● **ASSIGNMENT**: Word-for-word transcription: reproduce all of the data, but not the pictures.

● **SUPPLIED DATA**:
○ ○ ○ ○ ○ ○ ○
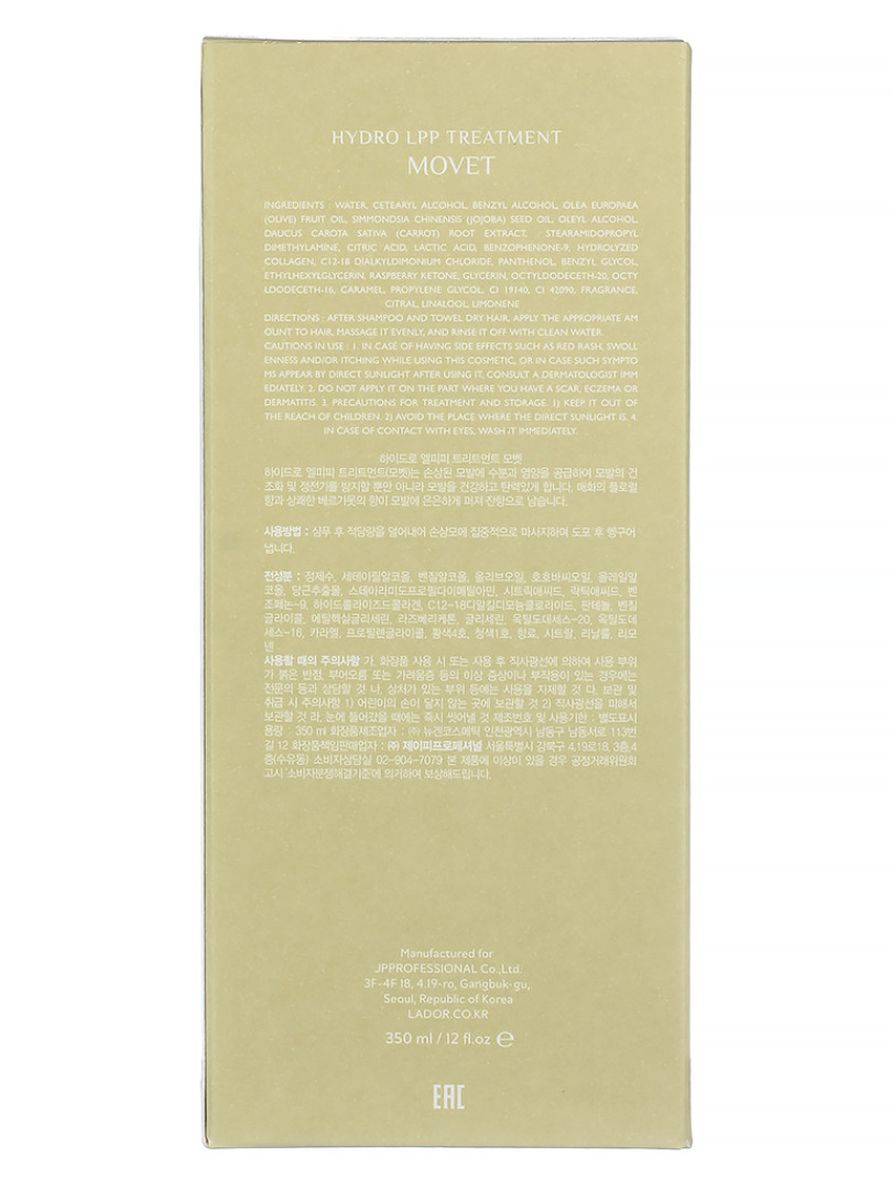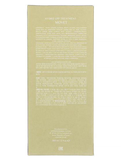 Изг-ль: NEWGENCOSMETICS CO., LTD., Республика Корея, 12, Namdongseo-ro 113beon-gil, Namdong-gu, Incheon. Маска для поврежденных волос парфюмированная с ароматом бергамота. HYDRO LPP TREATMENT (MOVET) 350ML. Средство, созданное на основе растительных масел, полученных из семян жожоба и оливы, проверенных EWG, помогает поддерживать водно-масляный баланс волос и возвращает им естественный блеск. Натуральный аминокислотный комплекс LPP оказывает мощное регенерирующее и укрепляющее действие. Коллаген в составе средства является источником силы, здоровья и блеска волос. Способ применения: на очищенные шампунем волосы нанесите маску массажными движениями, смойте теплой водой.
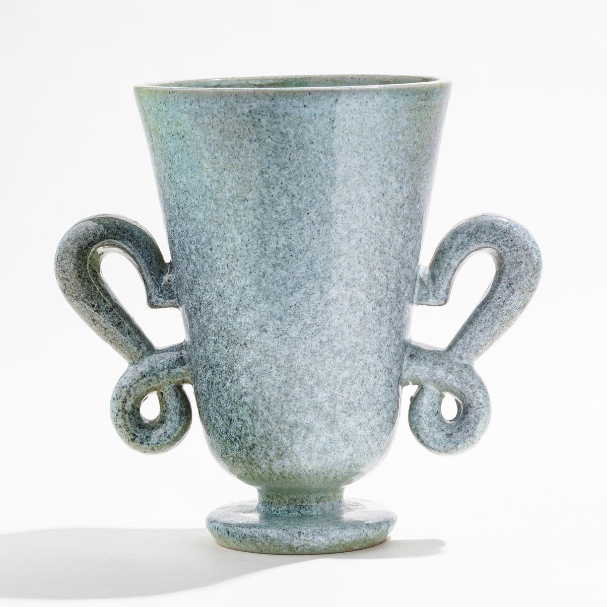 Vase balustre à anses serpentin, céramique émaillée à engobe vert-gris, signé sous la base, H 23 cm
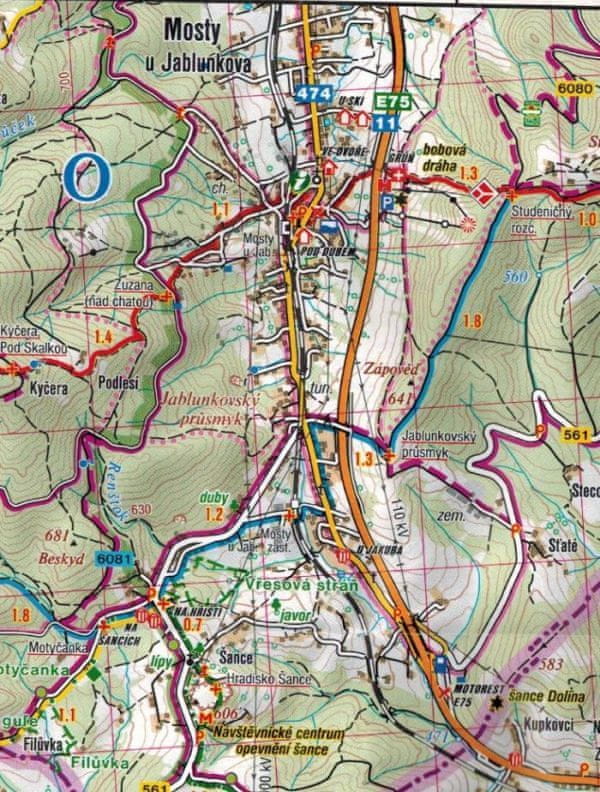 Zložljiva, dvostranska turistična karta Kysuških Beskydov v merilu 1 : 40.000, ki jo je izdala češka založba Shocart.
○ ○ ○ ○ ○ ○ ○
● **EXERCISE OUTPUT**:
 Изг-ль: NEWGENCOSMETICS CO., LTD., Республика Корея, 12, Namdongseo-ro 113beon-gil, Namdong-gu, Incheon. Маска для поврежденных волос парфюмированная с ароматом бергамота. HYDRO LPP TREATMENT (MOVET) 350ML. Средство, созданное на основе растительных масел, полученных из семян жожоба и оливы, проверенных EWG, помогает поддерживать водно-масляный баланс волос и возвращает им естественный блеск. Натуральный аминокислотный комплекс LPP оказывает мощное регенерирующее и укрепляющее действие. Коллаген в составе средства является источником силы, здоровья и блеска волос. Способ применения: на очищенные шампунем волосы нанесите маску массажными движениями, смойте теплой водой.
 Vase balustre à anses serpentin, céramique émaillée à engobe vert-gris, signé sous la base, H 23 cm
 Zložljiva, dvostranska turistična karta Kysuških Beskydov v merilu 1 : 40.000, ki jo je izdala češka založba Shocart.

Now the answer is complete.